I have found healing in Pachamama. She is the mother and father I never had. She teaches me what it means to be a man, in a patriarchal world with few other examples. She has shown me the true meaning and sacredness of being transgender.
It’s funny that I was introduced to queerness through whiteness. I was told I must hate my body and want surgery to be transgender, as if transition does not begin in the mind, heart, and soul. As if my body is the problem, and not cis-ciety. As if being transgender is not just a likeness to nature, and a more natural way of being than the colonial construction of cisgenderhood.
My relationship to Earth was stolen from me, and therefore my sacred connection to god, spirit, creator. But when I looked to Her for answers, I finally found myself. I finally saw myself, like the moss and vines that line the city streets. She embraced my mutant body, and loves me all the same. A cyborg child of her (r)evolution.
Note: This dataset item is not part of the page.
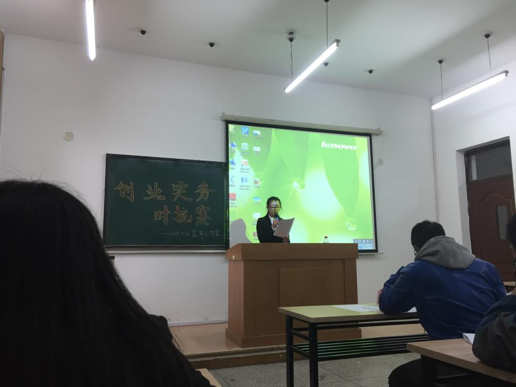 2017年11月10日中午11:40,由商学院蓝海工作室主办的“创业实务对抗赛”初赛在商学院103教室成功举行。本次活动得到了同学们的积极响应。本次比赛有幸邀请到商学院的田巍老师和刘金星老师担当评委,共计六组人次参加了本次比赛。

Tran·scen·dent: (adjective) 1. exceeding usual limits; 2. being beyond comprehension; 3. transcending the universe or material existence.
One of the most powerful tools of oppression is to strip people of their identity and expertise. Make us believe we are stupid. Take away our knowledge, and any memory of having had that knowledge in the first place. When physical death is not successful or enough, this is how they attack our spirits.
I was born in a body that they insist is “female,” yet still found my masculinity. This is why I believe I am a god. My physical existence could not stop me from transcending. I can see beyond their self-imprisoned binaries, and all the richness that exists in the inbetween. My existence creates new ways of being, just like the roots that sprout through the concrete.
The white colonial project does not want me to know that I’m a god. It’s much more profitable for them to keep me as a victim and perpetrator of their violence than someone they should worship and learn from. Their oppression is rooted in fear of my spirit and power. Transgender people are closer to true femininity and masculinity than they are, despite our bodies, despite a hateful society. We can see them better than they can see themselves, and this scares them. This is why they killed my ancestors, and why they want to keep me quiet. This is why they want me to hate myself and my body.
I didn’t choose to be transgender, but I chose to transition. I chose to cause others a necessary discomfort in order to free myself of my own. Sometimes liberation is jarring when all you’ve ever known is chains, but trans people are not just here to teach you about us, we are here to teach you about yourself.